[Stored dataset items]
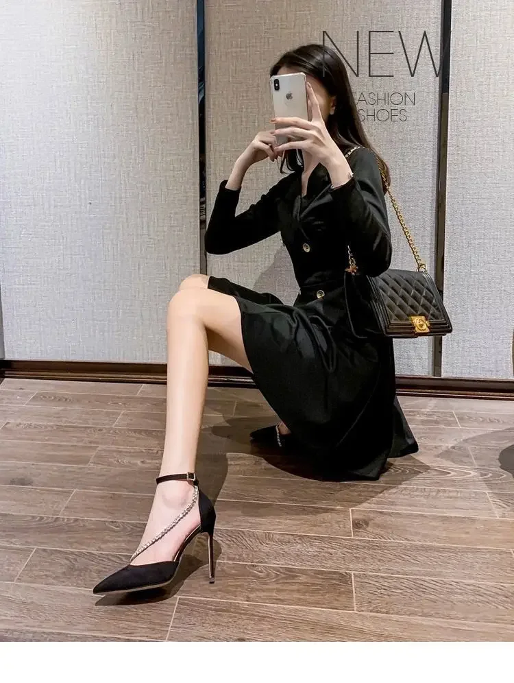 • التصميم والأسلوب :تتميز هذه الأحذية بإصبع قدم مدبب مثير وكعب أنيق، مما يبرز الأناقة والرقي.
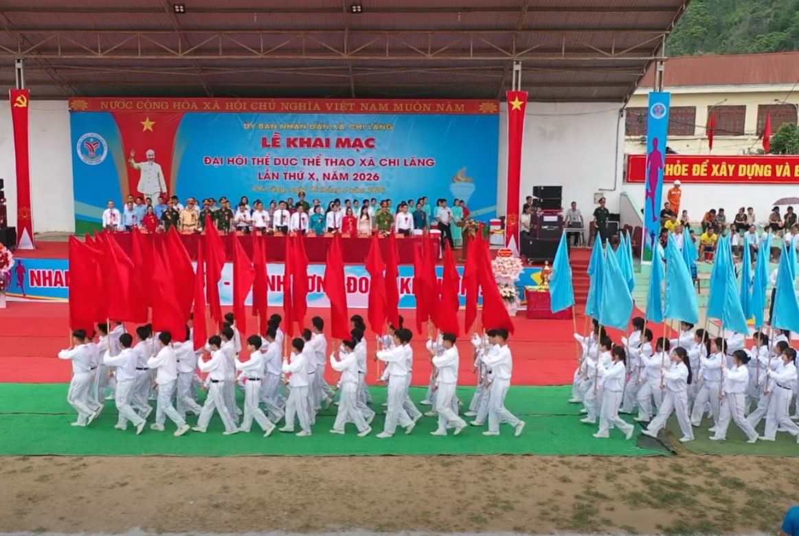 Chiều ngày 16/4/2026, tại sân vận động trung tâm, UBND xã Chi Lăng đã long trọng tổ chức Lễ khai mạc Đại hội Thể dục thể thao lần thứ X năm 2026 trong không khí sôi nổi, phấn khởi, thu hút đông đảo Nhân dân và các lực lượng tham gia. Dự buổi lễ có đồng chí Dương Minh Tuệ, Phó Giám đốc Sở Văn hóa, Thể thao và Du lịch tỉnh. Đồng chí Nguyễn Đức Cường, Phó Bí thư Thường trực Đảng ủy. Đồng chí Hoàng Xuân Hòa, Phó Bí thư Đảng ủy, Chủ tịch UBND xã. Và các đồng chí lãnh đạo xã cùng hàng nghìn vận động viên, cán bộ, chiến sĩ Trung đoàn 141, Sư đoàn 3 và các em học sinh trên địa bàn.
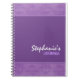 Lilac Damask notebook with elegant damask patterned borders against a purple background.
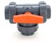 Trojcestný guľový ventil PVC s napojením s priemerom 50mm. Napojenie lepením.
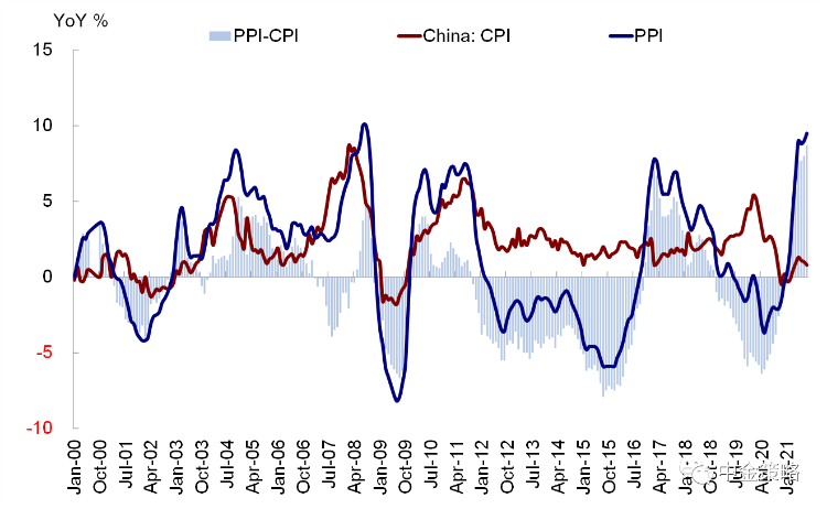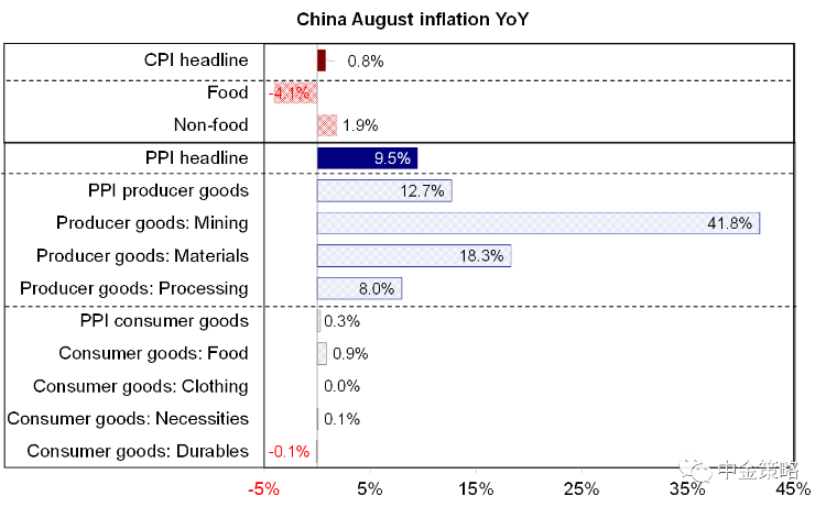 图表:在大宗商品价格推动下,8月PPI大幅攀升9.5%
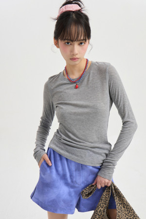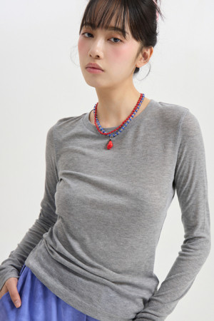 Chouetties by LUCKY CHOUETTE_Sheer Slim Fit Long Sleeve T-shirts (melange grey)
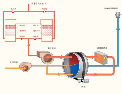 把有機廢氣加熱到760℃以上,將有機廢氣氧化生成CO2和H2O,從而凈化廢氣,并回收分解時所釋出的熱量,以達到環(huán)保節(jié)能的雙重目的,是一種用于處理中高濃度揮發(fā)性有機廢氣的節(jié)能型環(huán)保裝置。
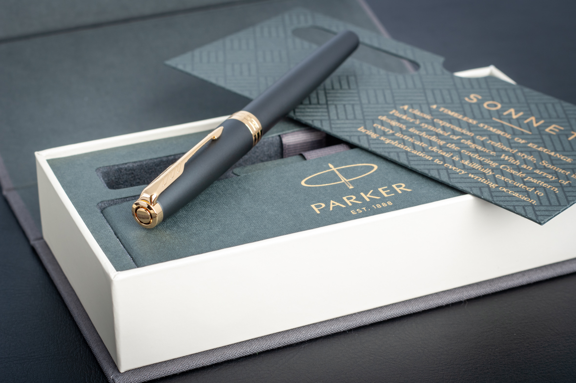 Перьевая ручка Parker Sonnet Matte Black GT от официального дилера Parker в Вологде. Вы можете дополнительно заказать гравировку, которая подчеркнет Вашу оригинальность и придаст памятность статусному подарку. Все ручки Паркер поставляются в фирменном футляре.
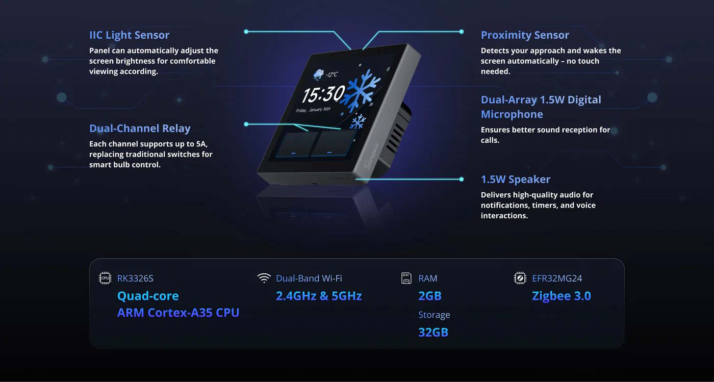 Оборудование включает два микрофона для голосовых команд. SoC RK3326-S работает в паре с 2 Гб оперативной памяти и 32 Гб внутренней памяти. 3,95-дюймовый дисплей имеет разрешение 480 × 480 пикселей и является сенсорным. Его яркость можно регулировать с помощью датчика яркости, поэтому он остается легко читаемым днем и не отвлекает ночью. NSPanel Pro Gen 2 может определять, когда человек стоит перед устройством. В устройство встроен динамик. Также утверждается, что устройство способно отображать записи с камер наблюдения. В настоящее время эта модель доступна для заказа по цене около 120 долларов США, а поставки ожидаются в июне.
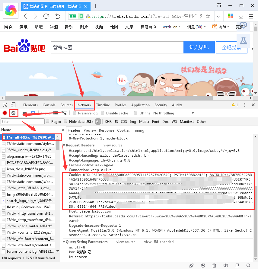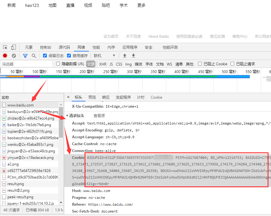 提示:部分新版chrome的cookie已被加密,建议用其他旧版试试。2021-05-22 另外可能QQ浏览器获取的cookie也不行。2021-06-19 360极速浏览器中,按键盘F12打开【开发者工具】界面 1、点击【Netword】进入网络抓包页面 2、打开网站并登录,在网页为登录状态的情况下,点击左边红色圆圈后面的【清除】图形,清空刚刚抓包的数据(如下图,第2个箭头位置) 3、这时候网页F5刷新一下页面,那么第一个被抓取到的网址,就是我们需要的(如下图,第3个箭头位置) 4、点击相应网址,右边就会显示出Cookie等很多信息,我们需要的就是Cookie: 后面的内容。(如下图,第4个箭头位置)
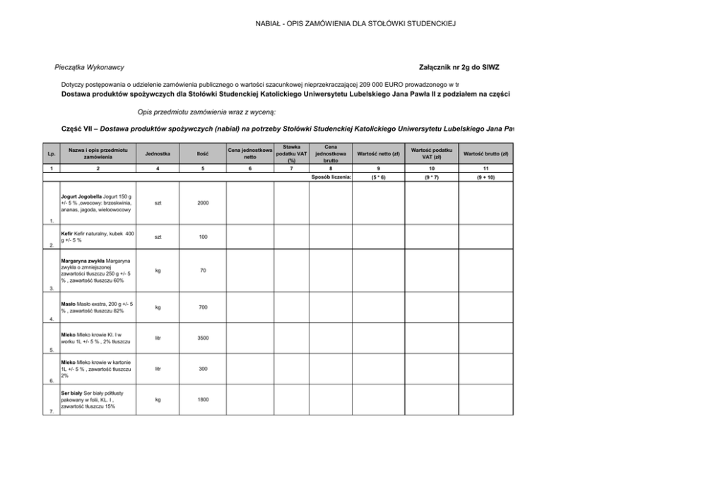 NABIAŁ - OPIS ZAMÓWIENIA DLA STOŁÓWKI STUDENCKIEJ Pieczątka Wykonawcy Załącznik nr 2g do SIWZ Dotyczy postępowania o udzielenie zamówienia publicznego o wartości szacunkowej nieprzekraczającej 209 000 EURO prowadzonego w trybie przetargu nieograniczonego pn.: Dostawa produktów spożywczych dla Stołówki Studenckiej Katolickiego Uniwersytetu Lubelskiego Jana Pawła II z podziałem na części Opis przedmiotu zamówienia wraz z wyceną: Część VII – Dostawa produktów spożywczych (nabiał) na potrzeby Stołówki Studenckiej Katolickiego Uniwersytetu Lubelskiego Jana Pawła II Lp. Nazwa i opis przedmiotu zamówienia Jednostka Ilość 1 2 4 5 Jogurt Jogobella Jogurt 150 g +/- 5 % ,owocowy: brzoskwinia, ananas, jagoda, wieloowocowy szt 2000 Kefir Kefir naturalny, kubek 400 g +/- 5 % szt 100 Margaryna zwykła Margaryna zwykła o zmniejszonej zawartości tłuszczu 250 g +/- 5 % , zawartość tłuszczu 60% kg 70 Masło Masło exstra, 200 g +/- 5 % , zawartość tłuszczu 82% kg 700 Mleko Mleko krowie Kl. I w worku 1L +/- 5 % , 2% tłuszczu litr 3500 Mleko Mleko krowie w kartonie 1L +/- 5 % , zawartość tłuszczu 2% litr 300 Ser biały Ser biały półtłusty pakowany w folii, KL. I , zawartość tłuszczu 15% kg 1800 1. 2. 3. 4. 5. 6. 7. Stawka Cena jednostkowa podatku VAT netto (%) 6 7 Cena jednostkowa brutto Wartość netto (zł) Wartość podatku VAT (zł) Wartość brutto (zł) 8 9 10 11 Sposób liczenia: (5 * 6) (9 * 7) (9 + 10) NABIAŁ - OPIS ZAMÓWIENIA DLA STOŁÓWKI STUDENCKIEJ Ser topiony Ser topiony trójkąty, zawartość białka 8 g , tłuszczu 29 g, krążek po 8 porcji 200 g + /- 5 % , smaki: MIX krążki 500 Ser żółty Ser żółty w blokach pełnotłusty zawartość tłuszczu 26 % : salami, edamski, gołda kg 600 Ser parmezan/ ser żółty tarty kg 2 Ser mozzarella kulki Ser mozzarella w lekko słonej zalewie, 8,5% tłuszczu, op. 125 g, +/- 5 % op. 70 Ser favita Ser sałatkowokanapkowy ,skład; mleko pasteryzowane, sól spożywcza, regulator kwasowości E575. op. 270 g +/- 5 % kg 30 Jogurt grecki Jogurt naturalny, super gęsty, kubek 400 g +/- 5 % szt 280 Śmietana śmietana słodka 30% tłuszczu, op. wiaderko 1L +/- 5 % op. 400 Śmietana śmietana zagęszczana 12% tłuszczu, kubek 400 g +/- 5 % op. 80 Serek homogenizowany o smaku ; waniliowym, truskawkowym, czekoladowym, brzoskwiniowym, op. 125 g +/- 5 % szt 400 8. 9. 10. 11. 12. 13. 14. 15. 16. NABIAŁ - OPIS ZAMÓWIENIA DLA STOŁÓWKI STUDENCKIEJ Serek wiejski Serek wiejski granulowany lekki, wartość odżywcza 100 g serka, op 500 g +/- 5 % szt 600 17. RAZEM Cena ofertowa netto ………………………………….………. Data i miejsce Wartość podatku VAT .................................................................... podpis osoby/osób uprawnionych do reprezentowania Wykonawcy Cena ofertowa brutto iego Jana Pawła II NABIAŁ - OPIS ZAMÓWIENIA DLA STOŁÓWKI STUDENCKIEJ
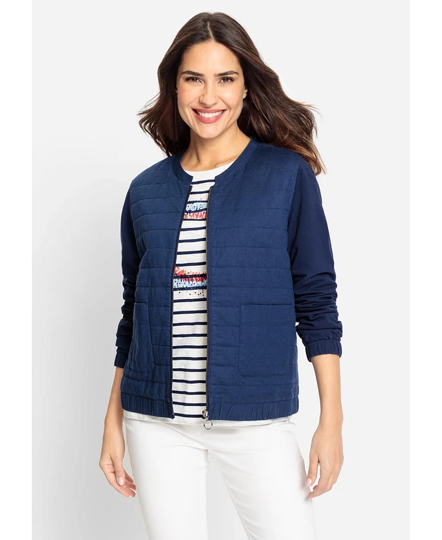 Olsen Women's Quilted Mixed Media Zip Front Cardigan

**Exercise**
Your reply should be the full data above, copied exactly, with no pictures in it.

**Expected answer**
 • التصميم والأسلوب :تتميز هذه الأحذية بإصبع قدم مدبب مثير وكعب أنيق، مما يبرز الأناقة والرقي.
 Chiều ngày 16/4/2026, tại sân vận động trung tâm, UBND xã Chi Lăng đã long trọng tổ chức Lễ khai mạc Đại hội Thể dục thể thao lần thứ X năm 2026 trong không khí sôi nổi, phấn khởi, thu hút đông đảo Nhân dân và các lực lượng tham gia. Dự buổi lễ có đồng chí Dương Minh Tuệ, Phó Giám đốc Sở Văn hóa, Thể thao và Du lịch tỉnh. Đồng chí Nguyễn Đức Cường, Phó Bí thư Thường trực Đảng ủy. Đồng chí Hoàng Xuân Hòa, Phó Bí thư Đảng ủy, Chủ tịch UBND xã. Và các đồng chí lãnh đạo xã cùng hàng nghìn vận động viên, cán bộ, chiến sĩ Trung đoàn 141, Sư đoàn 3 và các em học sinh trên địa bàn.
 Lilac Damask notebook with elegant damask patterned borders against a purple background.
 Trojcestný guľový ventil PVC s napojením s priemerom 50mm. Napojenie lepením.
 图表:在大宗商品价格推动下,8月PPI大幅攀升9.5%
 Chouetties by LUCKY CHOUETTE_Sheer Slim Fit Long Sleeve T-shirts (melange grey)
 把有機廢氣加熱到760℃以上,將有機廢氣氧化生成CO2和H2O,從而凈化廢氣,并回收分解時所釋出的熱量,以達到環(huán)保節(jié)能的雙重目的,是一種用于處理中高濃度揮發(fā)性有機廢氣的節(jié)能型環(huán)保裝置。
 Перьевая ручка Parker Sonnet Matte Black GT от официального дилера Parker в Вологде. Вы можете дополнительно заказать гравировку, которая подчеркнет Вашу оригинальность и придаст памятность статусному подарку. Все ручки Паркер поставляются в фирменном футляре.
 Оборудование включает два микрофона для голосовых команд. SoC RK3326-S работает в паре с 2 Гб оперативной памяти и 32 Гб внутренней памяти. 3,95-дюймовый дисплей имеет разрешение 480 × 480 пикселей и является сенсорным. Его яркость можно регулировать с помощью датчика яркости, поэтому он остается легко читаемым днем и не отвлекает ночью. NSPanel Pro Gen 2 может определять, когда человек стоит перед устройством. В устройство встроен динамик. Также утверждается, что устройство способно отображать записи с камер наблюдения. В настоящее время эта модель доступна для заказа по цене около 120 долларов США, а поставки ожидаются в июне.
 提示:部分新版chrome的cookie已被加密,建议用其他旧版试试。2021-05-22 另外可能QQ浏览器获取的cookie也不行。2021-06-19 360极速浏览器中,按键盘F12打开【开发者工具】界面 1、点击【Netword】进入网络抓包页面 2、打开网站并登录,在网页为登录状态的情况下,点击左边红色圆圈后面的【清除】图形,清空刚刚抓包的数据(如下图,第2个箭头位置) 3、这时候网页F5刷新一下页面,那么第一个被抓取到的网址,就是我们需要的(如下图,第3个箭头位置) 4、点击相应网址,右边就会显示出Cookie等很多信息,我们需要的就是Cookie: 后面的内容。(如下图,第4个箭头位置)
 NABIAŁ - OPIS ZAMÓWIENIA DLA STOŁÓWKI STUDENCKIEJ Pieczątka Wykonawcy Załącznik nr 2g do SIWZ Dotyczy postępowania o udzielenie zamówienia publicznego o wartości szacunkowej nieprzekraczającej 209 000 EURO prowadzonego w trybie przetargu nieograniczonego pn.: Dostawa produktów spożywczych dla Stołówki Studenckiej Katolickiego Uniwersytetu Lubelskiego Jana Pawła II z podziałem na części Opis przedmiotu zamówienia wraz z wyceną: Część VII – Dostawa produktów spożywczych (nabiał) na potrzeby Stołówki Studenckiej Katolickiego Uniwersytetu Lubelskiego Jana Pawła II Lp. Nazwa i opis przedmiotu zamówienia Jednostka Ilość 1 2 4 5 Jogurt Jogobella Jogurt 150 g +/- 5 % ,owocowy: brzoskwinia, ananas, jagoda, wieloowocowy szt 2000 Kefir Kefir naturalny, kubek 400 g +/- 5 % szt 100 Margaryna zwykła Margaryna zwykła o zmniejszonej zawartości tłuszczu 250 g +/- 5 % , zawartość tłuszczu 60% kg 70 Masło Masło exstra, 200 g +/- 5 % , zawartość tłuszczu 82% kg 700 Mleko Mleko krowie Kl. I w worku 1L +/- 5 % , 2% tłuszczu litr 3500 Mleko Mleko krowie w kartonie 1L +/- 5 % , zawartość tłuszczu 2% litr 300 Ser biały Ser biały półtłusty pakowany w folii, KL. I , zawartość tłuszczu 15% kg 1800 1. 2. 3. 4. 5. 6. 7. Stawka Cena jednostkowa podatku VAT netto (%) 6 7 Cena jednostkowa brutto Wartość netto (zł) Wartość podatku VAT (zł) Wartość brutto (zł) 8 9 10 11 Sposób liczenia: (5 * 6) (9 * 7) (9 + 10) NABIAŁ - OPIS ZAMÓWIENIA DLA STOŁÓWKI STUDENCKIEJ Ser topiony Ser topiony trójkąty, zawartość białka 8 g , tłuszczu 29 g, krążek po 8 porcji 200 g + /- 5 % , smaki: MIX krążki 500 Ser żółty Ser żółty w blokach pełnotłusty zawartość tłuszczu 26 % : salami, edamski, gołda kg 600 Ser parmezan/ ser żółty tarty kg 2 Ser mozzarella kulki Ser mozzarella w lekko słonej zalewie, 8,5% tłuszczu, op. 125 g, +/- 5 % op. 70 Ser favita Ser sałatkowokanapkowy ,skład; mleko pasteryzowane, sól spożywcza, regulator kwasowości E575. op. 270 g +/- 5 % kg 30 Jogurt grecki Jogurt naturalny, super gęsty, kubek 400 g +/- 5 % szt 280 Śmietana śmietana słodka 30% tłuszczu, op. wiaderko 1L +/- 5 % op. 400 Śmietana śmietana zagęszczana 12% tłuszczu, kubek 400 g +/- 5 % op. 80 Serek homogenizowany o smaku ; waniliowym, truskawkowym, czekoladowym, brzoskwiniowym, op. 125 g +/- 5 % szt 400 8. 9. 10. 11. 12. 13. 14. 15. 16. NABIAŁ - OPIS ZAMÓWIENIA DLA STOŁÓWKI STUDENCKIEJ Serek wiejski Serek wiejski granulowany lekki, wartość odżywcza 100 g serka, op 500 g +/- 5 % szt 600 17. RAZEM Cena ofertowa netto ………………………………….………. Data i miejsce Wartość podatku VAT .................................................................... podpis osoby/osób uprawnionych do reprezentowania Wykonawcy Cena ofertowa brutto iego Jana Pawła II NABIAŁ - OPIS ZAMÓWIENIA DLA STOŁÓWKI STUDENCKIEJ
 Olsen Women's Quilted Mixed Media Zip Front Cardigan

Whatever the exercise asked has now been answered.